I know what sort of bombshell got dropped on you with the diagnosis and the idea of having to amputate! I'm sure it seems so overwhelming and confusing, but you've come to the right place. Most of us have been down the same road and we all understand the agony of making the right decision for our pups (or kitties).

A couple of things jump out at me from your post. One, that Mac is otherwise healthy and two that you know he's in pain. We were very much in the same situation w/ our 10.5 yo Pyr mix Ellie (100lbs). I won't tell you amputation is an easy road, but from our experience the couple of things you mention---that Mac won't be happy or be able to be the same dog afterwards---have not be an issue. Ellie is definitely still happy! She is not in pain. And while she only can manage short walks, she still demands one each day. And she rolls around in the grass and chases squirrels and lies in the sun and all the other things that make her life full. She is very much the same dog. We know we don't have forever with her---but you never do. They always leave too soon, no matter how long you get. So we take each day as it comes and are thankful most of all that she is not in pain. 

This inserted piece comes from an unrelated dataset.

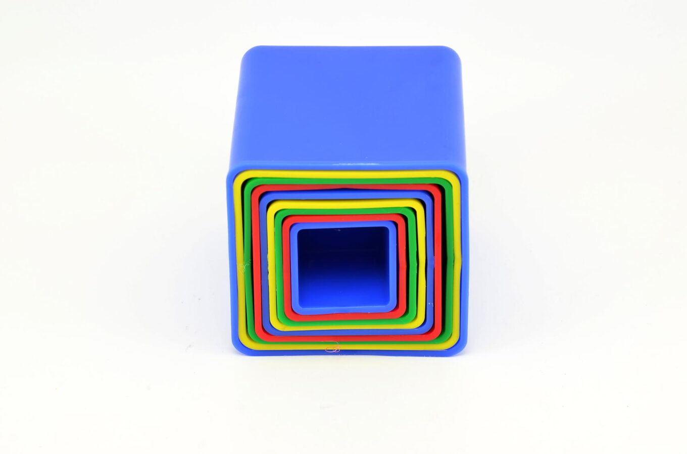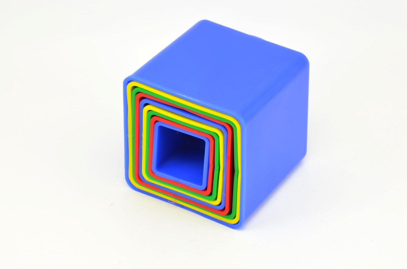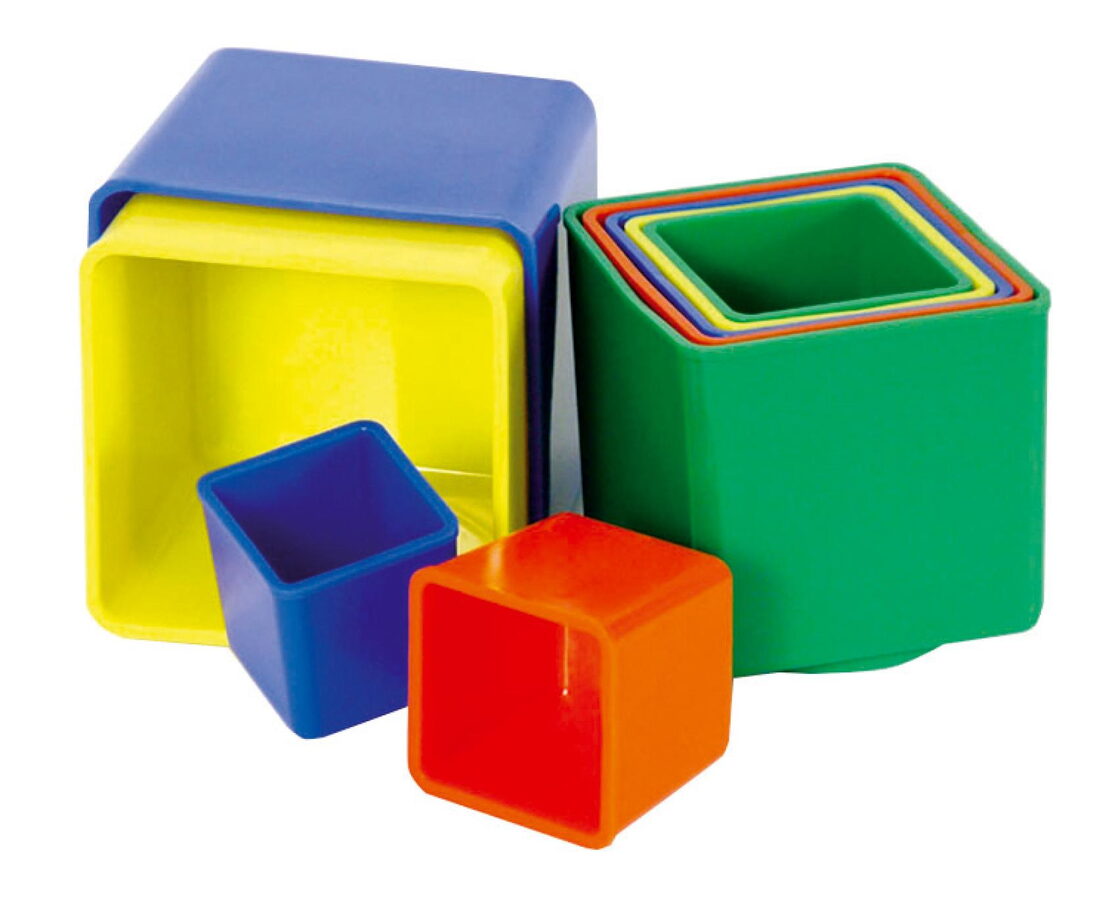 Kubus obsahuje devět kalíšků různých barev, které do sebe zapadají. Skládanku si děti mohou vzít i na písek nebo do vody.
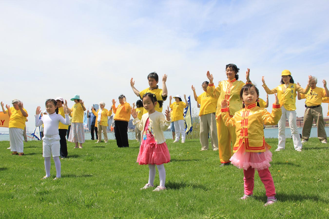 法轮功学员们在美加边境的底特律河畔集体炼功

You do mention stairs---Ellie is a rear amp and manages both up and down w/ no problem. She comes up two at a time! But they are short flights (4 or 6). Especially in the first weeks after surgery, stairs were much harder. We used a sling but she hated it. And there were times she'd yelp in pain as we tried to help her up or down. It was really hard to face we were hurting her and it was a rough period. But we did get through it. 

Denise, Bill and Ellie. 

That's so great to hear. Jerry's mom was kind enough to send me a video of her german shepard doing the stairs in various stages after his amputation, and it was incredibly comforting to see a large breed doing that. I knew one day we would have to figure out how to get Mac up and down the stairs, I just figured we had more time to devise a plan. I think I absolutely have to get that special harness to help him go down, but I have a feeling going up will be very easy for him.

How is Ellie doing now?

We adopted Mac in June 2014 from the GRCGLAR and he is our little baby boy, despite the fact that he is 11.5! Almost a year of bliss turned into complete devastation when he started limping on his front right  leg and it was discovered on April 16, 2015 that he has bone cancer - specifically Osteosarcoma. We were luckily directed to Tripawds by our oncologist, Dr. Avenelle Turner, which changed our lives and guided us through the amputation process.